When my job asked for candidates to run a study abroad program in Rome, I immediately applied and leaned heavily on the fact that I was Italian, that I understood Italian art and culture as well as any fourth-generation Italian boy could, that I already had a pathetic grasp of the language through my daily fumblings with DuoLingo. They hired me, and I spent the run-up researching my family on Ancestry.com, painstakingly narrowing down which villages they came from, which ports they left from. I flew to Italy and rode trains up and down the peninsula retracing their steps, but I never felt much of anything in terms of a deeper connection to my family. I was bowled over by the pizza in Naples, floored by the National Cinema Museum in Torino, stunned by the calm and clear blue waters of Calabria, but never once did I come to some new and compelling understanding about my family. Instead, I retreated into media like always, spending more time reading Cognetti, Di Pietrantonio, Jhumpa Lahiri’s astounding anthology of Italian short fiction. I paid to see Tarantino’s Once Upon a Time in Hollywood twice before leaving for Italy, and then I dragged my wife to see it in Italian during a weekend getaway to Genoa. Like Goodfellas, there was some half-buried quality in Tarantino’s latest that kept me coming back again and again. Only this time, it wasn’t the presence of Italians onscreen that reminded me so fiercely of the hometown I’d surrendered. This time it was the presence lurking behind the camera, the half-Italian Tarantino conjuring up art about loss and regret that eventually sent its protagonist to Italy in search of a midlife reinvention. It called out to me, and I wandered the streets of Orvieto, Subiaco, and Reggio Calabria with the film’s soundtrack and images swimming in my brain.

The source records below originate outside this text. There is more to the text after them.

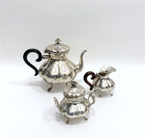 Servizio da the in argento composto da teiera, lattiera e zuccheriera, con corpo decorato a nervature e piedini sagomati terminanti a zampa ferina, prese dei coperchi a forma di fiore, manici della teiera e della lattiera ricurvi in legno (gr 1100 lordi) (difetti)
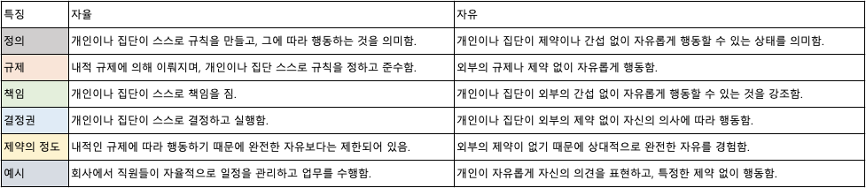- 자유: 외부의 제약 없이 자율적으로 행동할 수 있는 상태 또는 능력.
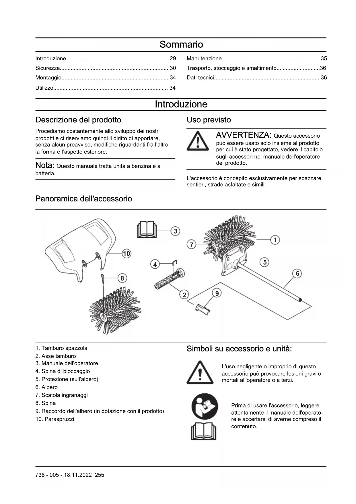 - Dati tecnici Introduzione Descrizione del prodotto Procediamo costantemente allo sviluppo dei nostri prodotti e ci riserviamo quindi il diritto di apportare, senza alcun preavviso, modifiche riguardanti fra l’altro la forma e l’aspetto esteriore. Nota: Questo manuale tratta unità a benzina e a batteria. Uso previsto AVVERTENZA: Questo accessorio può essere usato solo insieme al prodotto per cui è stato progettato, vedere il capitolo sugli accessori nel manuale dell'operatore del prodotto. L'accessorio è concepito esclusivamente per spazzare sentieri, strade asfaltate e simili. Panoramica dell'accessorio p. 36
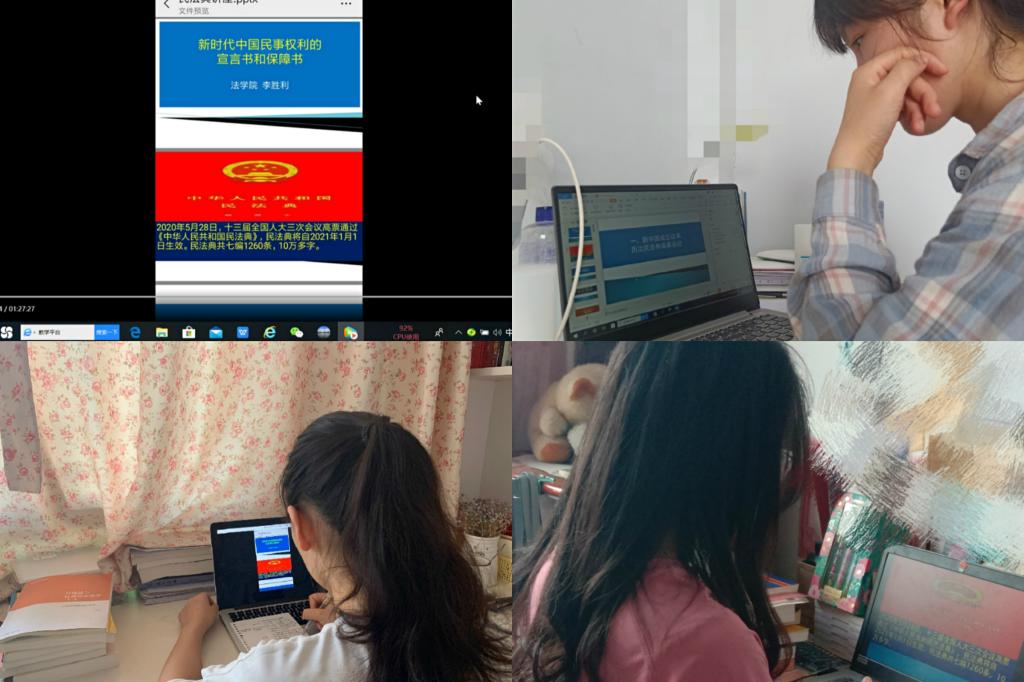 各班级也积极行动,组织同学们开展线上交流。同学们逐个发表自己的看法和心得,纷纷表示此次《民法典》的颁布具有重大意义,作为36365线路检测中心的学生应深入钻研和理解《民法典》中的法律条文。随后,各班团支部通过班级官Q或官博加强新媒体宣传,巩固活动成果,分享学习心得体会。
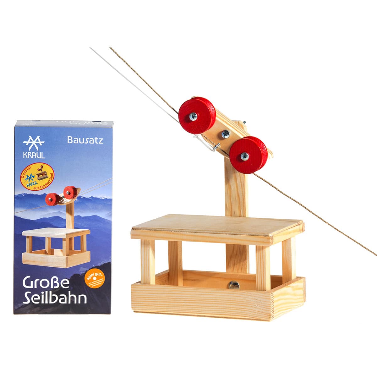 Mit der Walter Kraul Großen Seilbahn können Kinder ihre Fantasie frei spielen lassen! Die Seilbahn saust durch das Zimmer oder den Garten und bringt Puppen und Bauklötze mit. Der Bausatz ist ab 8 Jahren geeignet und begeistert mit einer Zugseilsteuerung. So können auch schon 6-jährige mithelfen!
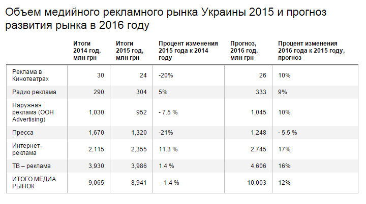 В целом, рекламный медиарынок Украины в 2015 году по сравнению с 2014 годом остался практически при своих гривнах (падение в 1.4% не в счет). Эксперты ВРК надеются, что следующий год будет более урожайным, позволив подрасти по суммарным бюджетам минимум на 12% и достигнув круглой цифры в 10 миллиардов гривен.
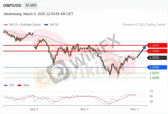交易策略: 在 1.3305 之上,看涨,目标价位为 1.3390 ,然后为 1.3420。
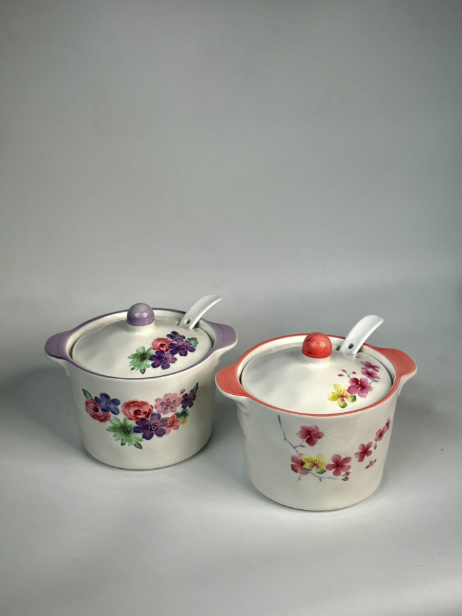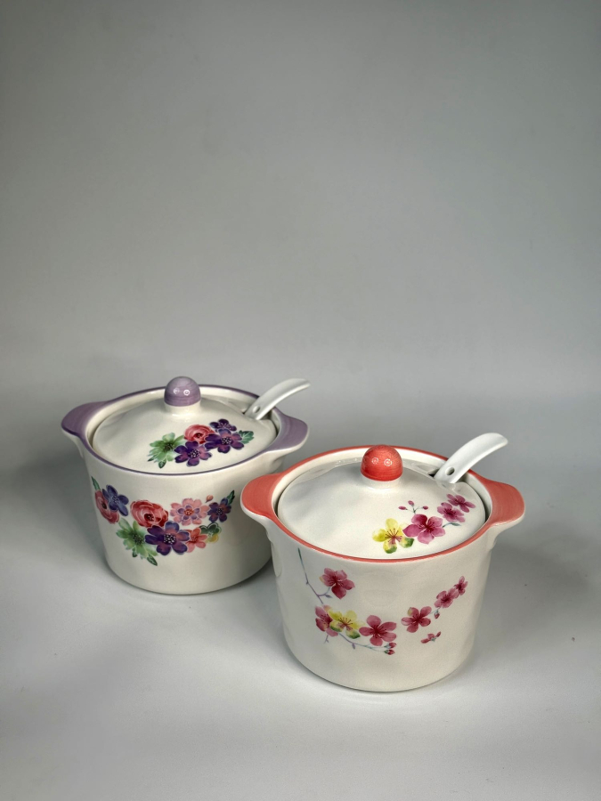 طقم سكر و شايي و قهوه سيراميك و قاعدة بامبو bh-3

Near the end of my stay in the homeland, I co-led a group of students to Naples, where my grandmother’s people lived for generations. The thirty of us squeezed through the increasingly narrow streets of the city center, and I thought of my grandmother, my great-grandmother, as we came across street vendors selling cheap braided bracelets. If you’ve ever been to Italy, you’ve seen these persistent men, how they will follow tourists and press their wares into your open hands, and each time I see one and say, “Non grazie,” I’m filled with a deep and humbling shame. This vendor looked about my age, my height, my complexion, my hair color. We might as well have been cousins, and the only obvious difference was how we dressed. I wore a sports coat and tie, and he had on a ratty windbreaker and jeans. He stopped in front of me and when I tried to sidestep past him, he blocked my path. “Hello!” he said in the telltale singsong of Italians learning English later in life. “Non grazie,” I said, eyes down, trying to move past him to catch up with my students. But before I could, we locked eyes, and it was the reunion I’d been anticipating for years and years and years. “You are arrogant,” he said slowly, very clearly. “You are arrogant.”
*
Although Tarantino borrows liberally from Scorsese, Once Upon a Time in Hollywood lifts its title directly from Sergio Leone’s Once Upon a Time trilogy. Leone is most famous for his Man with No Name westerns starring Clint Eastwood, but it’s the Once Upon a Time trilogy released between 1968 and 1984 that most critics prefer. While the Eastwood films are slick, postmodern westerns without much emotional content, the Once Upon a Time films swim in the emotional undercurrents that Fellini and Scorsese explore in both I Vitelloni and Mean Streets—a career move we must remember as we consider Tarantino’s evolution in Once Upon a Time in Hollywood.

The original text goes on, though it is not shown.